# Help needed



## Farmer680 (Dec 8, 2013)

Hi i have been mowing my paddock ready for grass hay with a Kuhn disc mower , but when i have finished a few rows i get high spots of grass along the edge of my rows any idea what iam doing wrong, Thank you


----------



## Tx Jim (Jun 30, 2014)

Are you operating disc mower at rated(540 rpm).
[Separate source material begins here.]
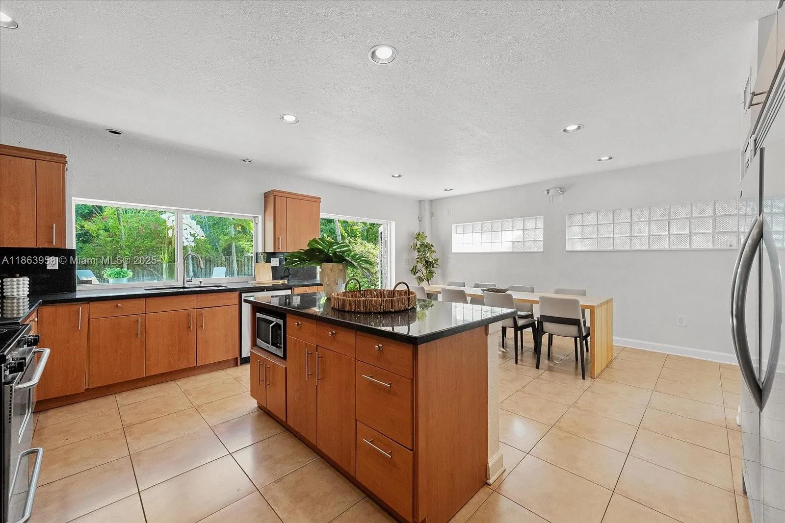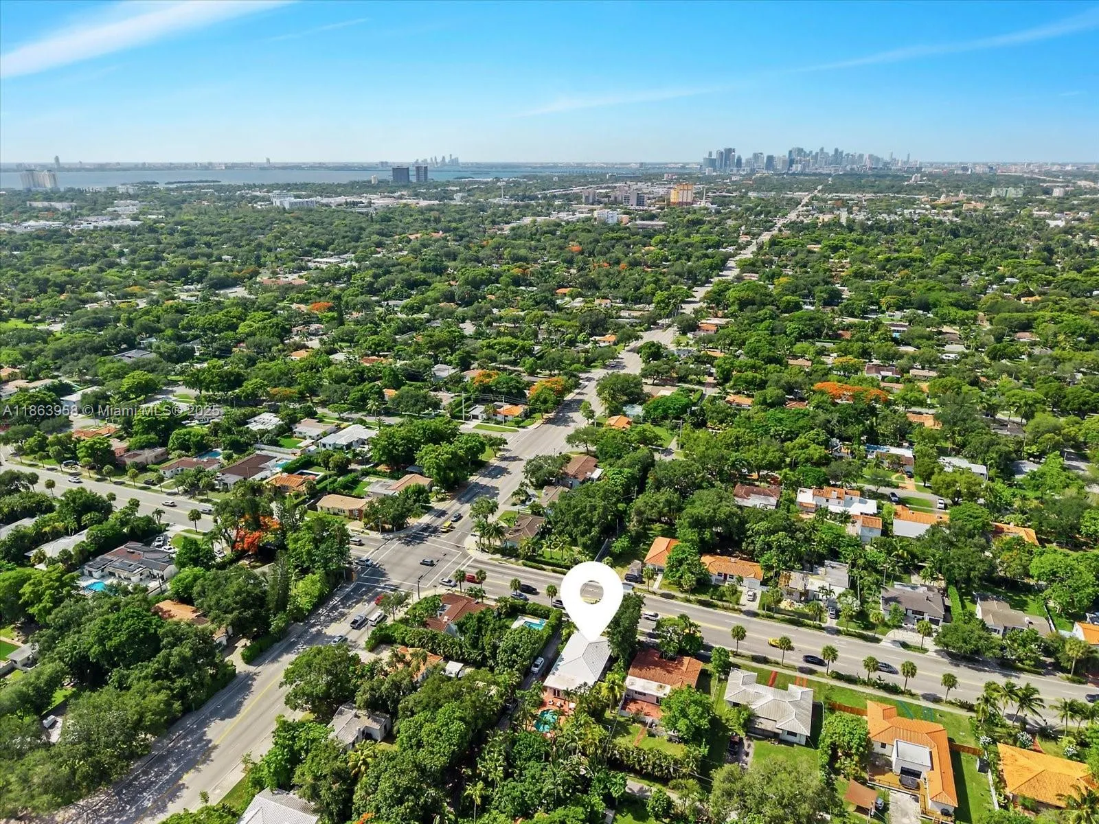 Welcome to Casa Palmera, a tropical hideaway in prime Miami Shores. This bright and airy 4-bed, 3-bath home offers laid-back luxury with a lush backyard escape, framed by swaying palms and vibrant landscaping. A sun-drenched corridor guides you through the home, connecting light-filled interiors with the outdoors. The oversized kitchen is the heart of the home, featuring a generous snack counter and a large dining area that opens directly to the patio, perfect for effortless indoor-outdoor entertaining. Spend sunny afternoons by the pool in complete privacy and tranquility. Additional highlights: cabana bathroom, impact doors, laundry room, and alley access with a circular driveway. Centrally located and minutes from top-rated school making it perfect for families.

Do you have frt edge of cutting bar tilted over forward or at least level?


----------



## the farmer 3 (Jul 12, 2021)

is it a 3pt or trailer type mower.? My 3pt mower will drag hay if 3pt is too low .


----------



## the farmer 3 (Jul 12, 2021)

after thinking about this I think some knives may be wrong.

check the arrows on the knives .
They need to point the direction the discs turn.


----------



## the farmer 3 (Jul 12, 2021)

there are right hand knives and left hand knives. 
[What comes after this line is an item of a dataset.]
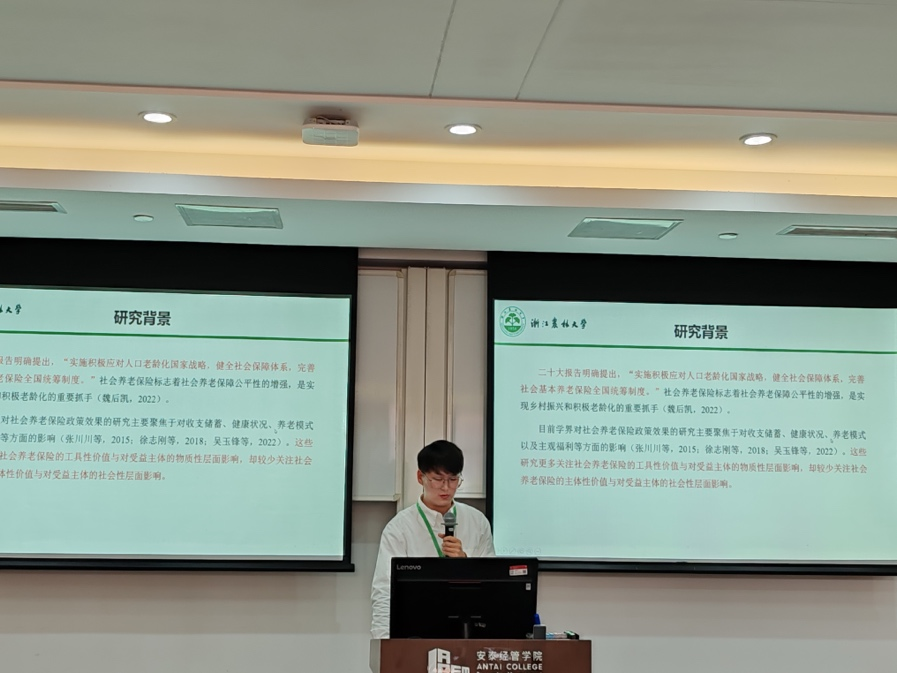 我校beat365官方网站2021级农业管理硕士研究生吕良瑞和2023级农业经济管理硕士研究生许江帆分别就《社会养老保险对农村老年人社会适应的影响—基于中国老年社会追踪调查的实证研究》和《粮食安全背景下农业化学投入品减量的生态补偿标准研究—基于作物差异的分析》在“分论坛五:老龄化、教育与健康”和“分论坛四:绿色与低碳”分会场中进行主题演讲,其中许江帆同学担任分论坛下半场主持。本次论坛由院长助理杨建辉副教授带队,并在 “分论坛二:数字经济”分会场中担任点评专家。参加本次论坛,展现了beat365官网的研究生研究水平,拓宽了研究生的学术视野,助推了研究生科研能力的培养,也加强了与兄弟院校研究生之间的沟通交流。

you should have some of each 

if the mower is new to you ,you may not know this


----------



## Farmer680 (Dec 8, 2013)

Hi thank you i was cutting in the wrong direction as the mower was going back over the cut area so the blades couldn't get down low enough for the grass my wheels had squashed down


----------



## the farmer 3 (Jul 12, 2021)

nascar is all left turns cutting hay is all right turns then go back to do the backswath


----------